General questions
Under the GDPR, organisations like the AUAS which process personal data must be able to account for how they deal with the GDPR's basic principles in their processes relating to education, research and operational management. Read more about the basic principles.
The AUAS also observes the GDPR by following the approaches of Privacy by Design and Privacy by Default. Privacy by Design means that attention should be devoted to protecting data subjects' privacy early on in an activity's development phase. In concrete terms, this means that if the AUAS wants to purchase a software program for a particular activity, for instance, the AUAS will not only examine the program's functionalities, but will also assess its impact on privacy. Privacy by Default means that the settings of a program, app, website or service are configured to provide maximum privacy. In addition to options that can be set up, other aspects such as the general terms and conditions must be privacy-friendly as well.
Under the GDPR, the AUAS is required to appoint a data protection officer. Read more about the data protection officer.
The AUAS's privacy policy contains more detailed information on how the AUAS handles your personal data, the measures taken by the AUAS to protect your privacy and the rules which apply to the AUAS.
Read the AUAS's draft policy on privacy and camera surveillance (only in Dutch).
The GDPR provides additional rights to data subjects whose personal data are processed. This means that all AUAS students and employees have various rights which they can exercise, such as the right to inspection of one's data, or the right to be forgotten. Read more about your rights and how you can exercise them. There you can also find an overview of the main systems processing your data and the entities with which your data is shared.
The AUAS is required to respond to your requests unless they are unfounded or excessive (e.g. if you request the same thing several times in a row). You should receive a response from the AUAS within one month, even if the AUAS has decided not to comply with your request. The AUAS must substantiate any refusals. If you disagree with the refusal of your request, you have the right to lodge a complaint with Legal Affairs.
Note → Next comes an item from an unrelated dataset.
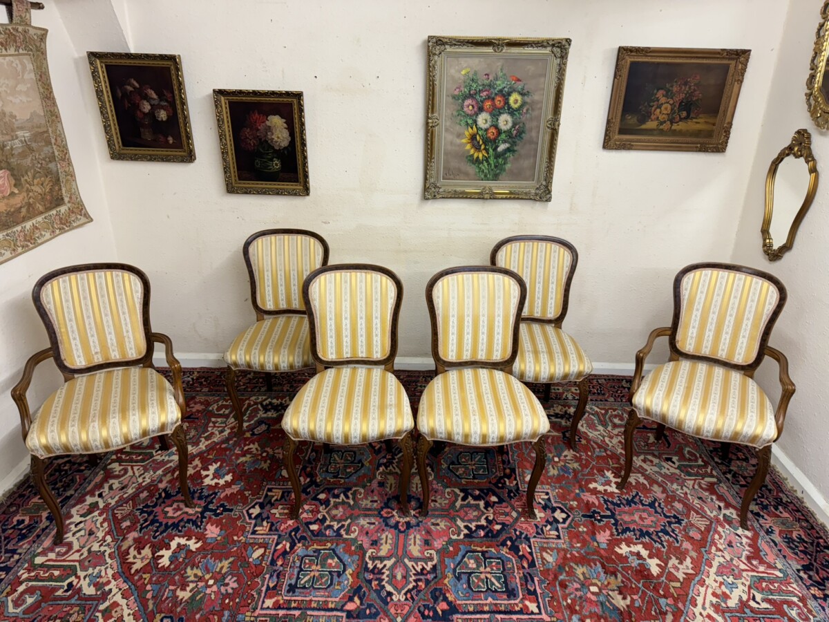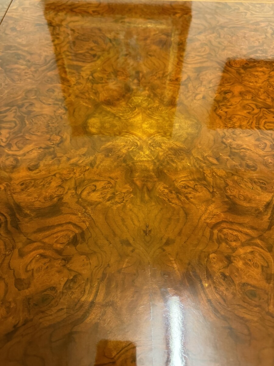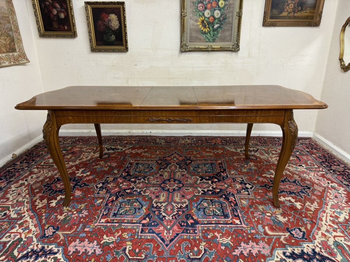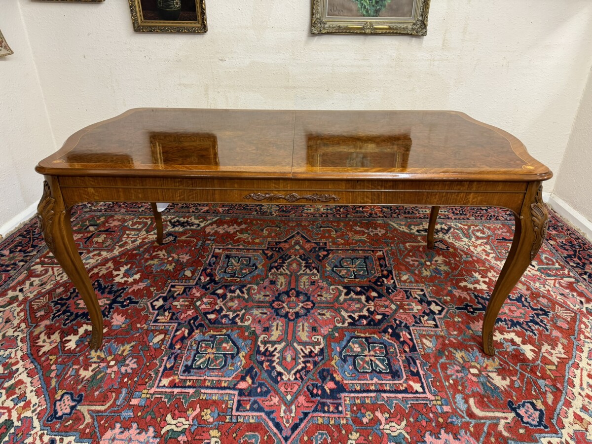 This fabulous quality table and chairs is produced by the renowned H and L Epstein furniture makers of London and dates circa 1950. The fabulous table has curved ends, inlaid decoration and a striking patina. There is a hidden leaf which is stored under the table to extend the tables length. The table stands on four elegant carved cabriole shaped legs. Two carved armchairs and four single chairs all having striking burr walnut edging to the back, upholstered cushioned back rest and seat and standing on four carved cabriole shaped legs to the front. An exceptional quality table and chairs. There are table top protectors.

The GDPR stipulates that the AUAS is not required to observe the rights of data subjects in specific situations. These situations arise when the restriction of the rights of data subjects is necessary in order to safeguard, for example, national security, criminal investigations, the protection of the data subject and the protection of judicial proceedings. In addition to these exceptions, the AUAS can restrict the right to erasure if:
- The processing is necessary in order to exercise freedom of expression and information;
- The AUAS is legally required to process the data;
- The data will be archived for reasons of general public interest, as part of scientific or historical research, or for statistical purposes;
- The data is necessary for a legal claim.
The right to be informed also does not apply if:
- The data subject already possesses the information;
- The disclosure of information to the data subject proves to be impossible or would involve disproportionate effort;
- The processing of the data is required by law and the interests of the data subject are safeguarded by such law;
- The data must be kept confidential due to professional confidentiality.
If a student would like to exercise his or her rights, you can refer the student to the A-Z list of his or her degree programme for more information, where a section on privacy has also been included. A detailed explanation of how and when a request can be submitted is provided under What are my rights? You can also refer the student to the privacy statement, which describes how the AUAS deals with privacy and personal data.
Also read the Provisional protocol for questions about rights (only in Dutch).
Legal Affairs is responsible for processing, evaluating and recording these requests. You may receive a request from Legal Affairs to supply personal data of a student in response to a student's request.
In the case of a complaint rather than a request, for instance because the student believes that his or her personal data is not being properly handled, the student can lodge a complaint with the data protection officer.